Very few events are able to perturb an increasingly globalised world. The Indian Ocean tsunami of 2004 was a murderous event, but the world pushed on and many areas recovered quickly (see Buttonwood). For a natural disaster to represent a global threat, it has to act on a global scale. An eruption of hot plasma from the sun, called a coronal mass ejection, which could do damage to electricity grids over an entire continent, might fit the bill. The largest volcanoes might cause short-term climate change profound enough to reduce agricultural production precipitously in many places at once. A large asteroid strike would do yet more damage.
These are, though, rare events. Very large coronal mass ejections are thought to happen every 500 years or so (the most recent was in 1859). Volcanoes that change climate enough to affect agriculture round the world are perhaps 100 times rarer than that, and cataclysmic asteroids rarer still. What is more, such asteroids could, in principle, be identified and, with plausible technology, nudged aside. Here Burke's sublime is turned on its head, and human capability seems to humble nature.

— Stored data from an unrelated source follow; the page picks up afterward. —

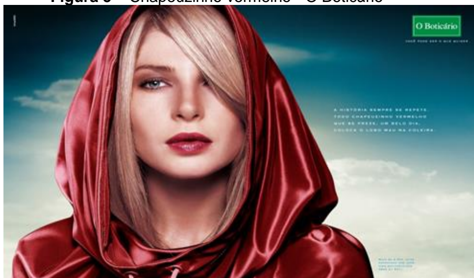
Figura 5 – Chapeuzinho vermelho - O Boticário

Em 2005, O Boticário lança a campanha centrada no mundo da fantasia: “Contos de Fadas”. A campanha foi produzida pela agência AlmapBBDO. Foram apresentados quatro anúncios e quatro outdoors , tendo como personagens principais Branca de Neve, Cinderela, Rapunzel e Chapeuzinho Vermelho. Caracterizadas nos contos de fadas por inocência e fragilidade, as personagens femininas são apresentadas nas peças publicitárias de modo bastante diferente, contextualizado na imagem feminina contemporânea, que remete à mulher sedutora, forte e independente, ou seja, o discurso publicitário manifesta uma outra ideologia, que põe em evidência valores que se contrapõem àqueles presentes no discurso literário. As imagens revelam um toque de malícia aliada à sedução e os slogans , transcritos a seguir, traduzem a postura da mulher que controla a própria vida e não se submete ao discurso machista, como se observa nas peças a seguir.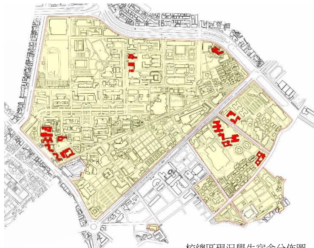
校總區現況學生宿舍分佈圖

第5章校級服務空間問題診斷與建議分為：5.1 校總區教學研究設施、5.2 校總區住宿設施、5.3 校總區服務設施(含：校總區藝文設施、體育設施、休閒與飲食設施、交通設施、停車外圍化、與自行車管理)。本章節內容係整理目前校級服務空間之現況，並提出問題與相關建議。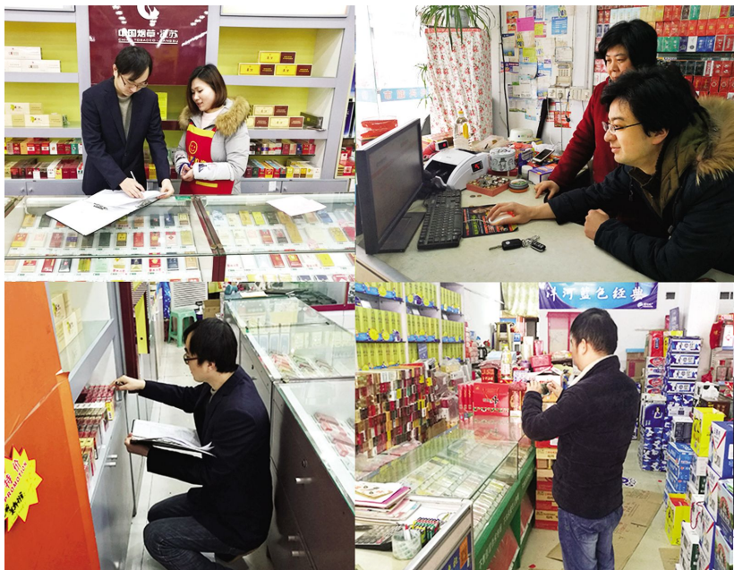
无锡烟草专卖局细化营销管理

【食盐安全宣传】 2016年,无锡市盐务管理局丰富创新多种宣传形式,营造“人人关心食盐安全、人人维护食盐安全”的良好氛围。开展“3·15”“5·15”“食盐安全宣传周”“《无锡市盐业管理条例》颁布实施八周年”等主题日广场宣传活动,会同全市各级卫生、疾控、卫生院、社区开展规模不等的食盐安全知识广场宣传40余场次,开展盐业法规、防治碘缺乏病、食盐安全科普知识宣传。会同市疾控中心发布告全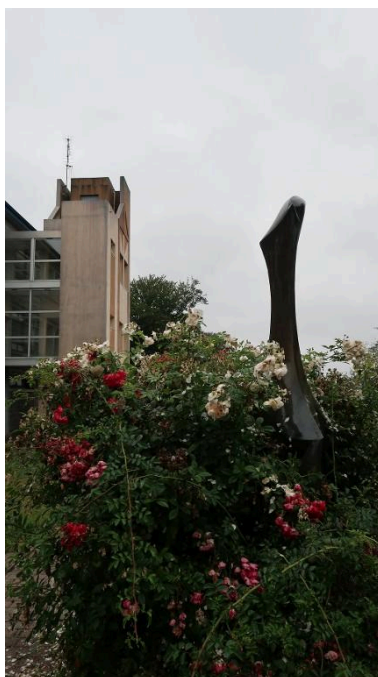
"Stella", sculpture en bronze de Baltasar Lobo (1968). Vue prise en 2018.

IVR53_20252910987NUCA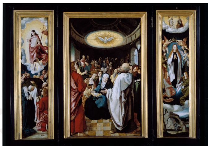
Drieluik met Nederdaling van de Heilige Geest, Hemelvaart van Christus en Maria Tenhemelopneming. Omgeving van Lucas van Leyden, tweede kwart 16e eeuw ABM s114

► Dit schilderij gaat over Pinksteren. Zie je de vlammetjes boven de hoofden van de apostelen? Wat kun je nog meer ontdekken op het schilderij?

This is worth applying to climate change. Many of Burke's descendants find it difficult to believe that something as big as the earth's climate could really be at risk from human activity, and even harder to think you could do something about it. But the risk, if not full certainty about its consequences, is there. Moreover, the idea of a counterbalancing, "geoengineered" cooling to counteract some aspects of climate change is worthy of study and discussion. Large volcanic eruptions spread cooling palls through the stratosphere. Techniques for doing something similar in a less dramatic way are plausible.
When people talk about the charms of powerlessness in the face of nature, part of what they are saying is that they don't want to be bothered with facing up to what humans can do, and to what they might have at risk. The business of looking after a planet requires being bothered in advance—and not just about little matters like volcanoes.